How far away from each square do you want the Field360 Studio algorithm to look to find a data point. Visualize putting a quarter on top of each square looking for data points.
Determines how much influence one data point will have vs. another data point. You can set a value to help calculate that influence mathematically. For example, if you enter 2 in the Weighting field, that calculates the inverse square of the distance. So, a measured value twice as far away receives ¼ the weight (i.e. 2 squared equals 4, of which ¼ is the inverse).
How far out dense data should be pushed based on the size of the plateau. Here’s a couple of use cases for using a Plateau Radius.
- First, nearby measures could overwhelm values further away based on weighting, so you could set a plateau.
- The second is if you’re using yield data. There are a lot of data points there, so you may need to minimize the effect of those data points. You can minimize the value of the cell’s data. In essence, the harvest data from outside the cell will not influence the value of the cell if the Plateau Radius is set to the width of the header.
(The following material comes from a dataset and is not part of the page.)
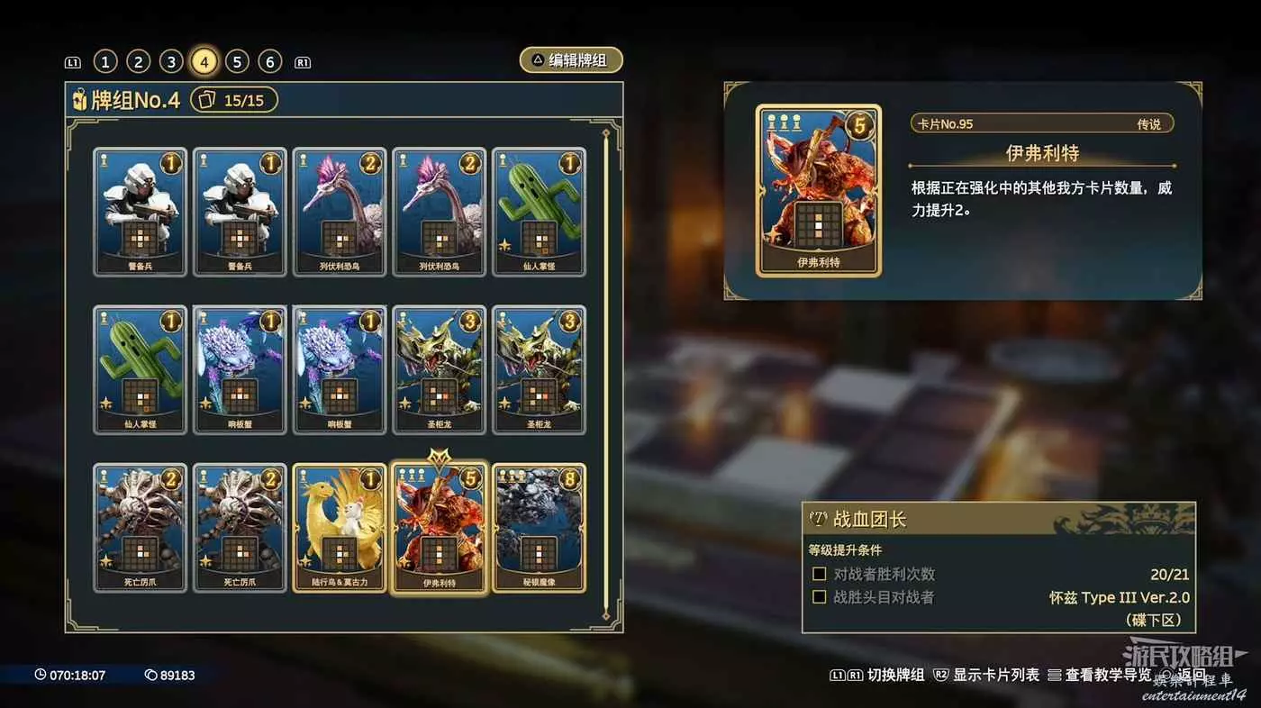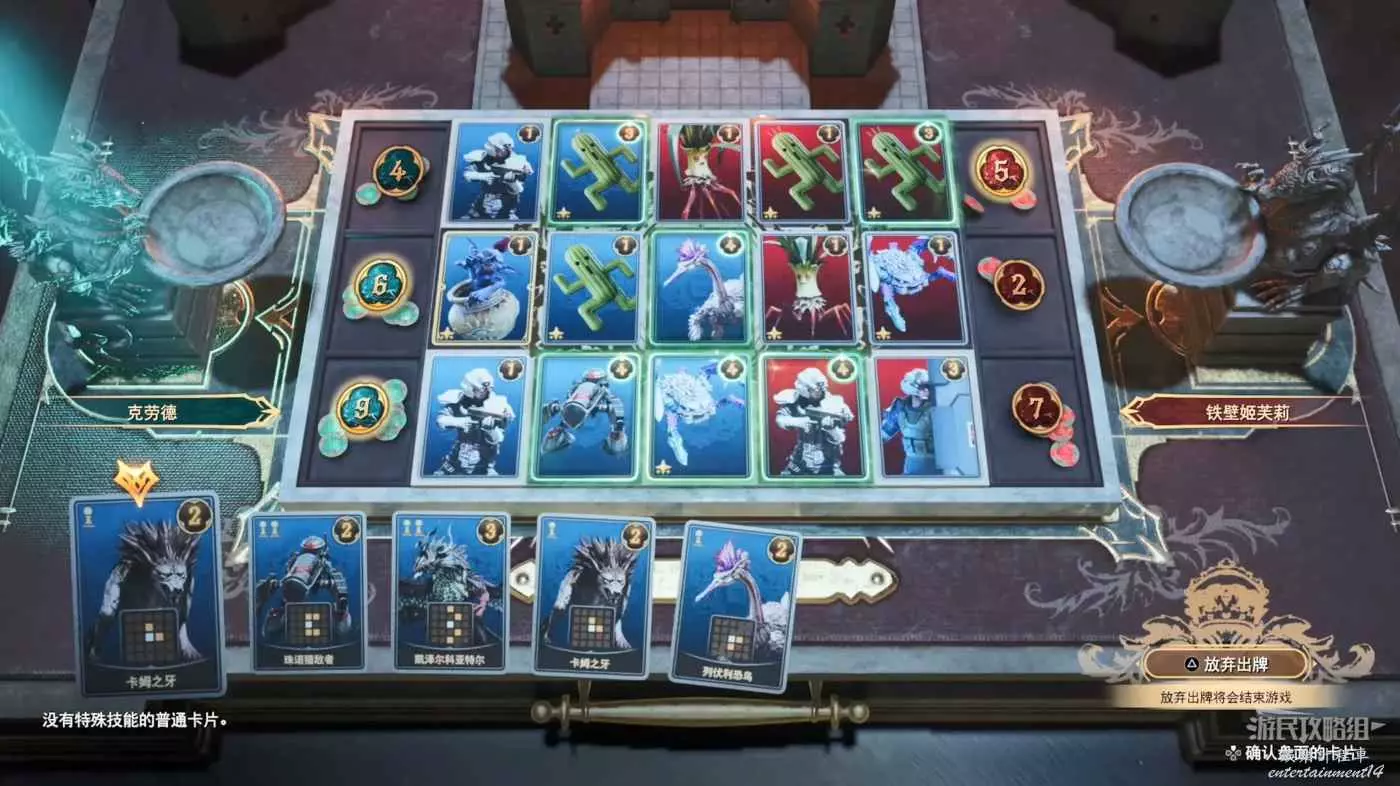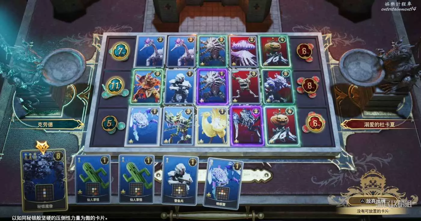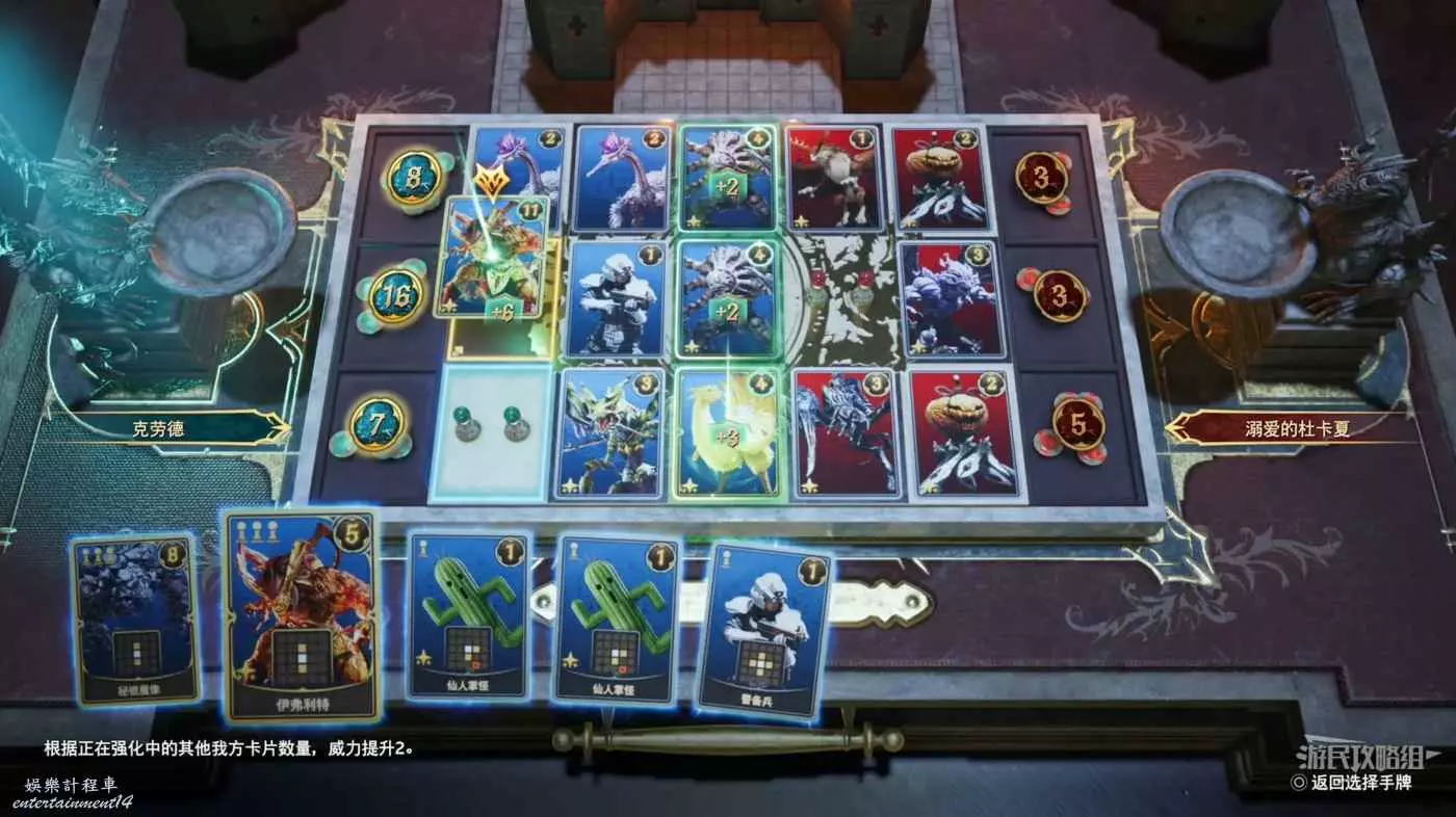 用列伏利伏鳥、警備兵和陸行鳥&莫古力推進頂部和中間的路線。將伊弗利特留到最後,將他放在最左邊的第一個中間路線上,如果你用仙人掌怪和響扳蟹給其他卡牌增加了buff,他將獲得巨大的額外得分。

The number used for the plateau is typically equal to the width of the header.
The following recommendations are based on research from Bob Gunzenhauser, Granular Agronomy Science Lead.
Set cell size to the width of applicator.
Note: For maps being presented to the user, use a smaller cell size of 20 or 30 feet and set RX cell size to application width.
Search Radius: Soil samples are taken on different intensities of grids such as 2.5 acre, 5 acre, or even 10 acre grids. On a 2.5 acre grid, each of the points are approximately 330 feet from each other. For any given location, in order to include the data from 10 points in the interpolation, a search radius of 600 feet would be suitable.This is based on picking a location in the field and drawing an ever increasing radius around the point until at least 10 sample points fall within the radius. Use the following guidelines:
- If your grid is 2.5 acres, use 600 ft search radius.
- If your grid is 5 acres, use 900 ft search radius.
- If your grid is 10 acres, use 1200 ft search radius.
Note: This means the measured value twice as far away receives ¼ of the weight.
(ex: 2 squared equals 4, of which ¼ is the inverse)
Bob’s caveat: “We are interpolating in between known sample points, and the further we are between points the more error there can potentially be. Interpolation will always produce inaccurate answers in between known sample points, but the goal here is to be “less inaccurate.”
Bob’s interpolation analysis did not use a Plateau Radius, so he can’t confirm this would improve the results or not.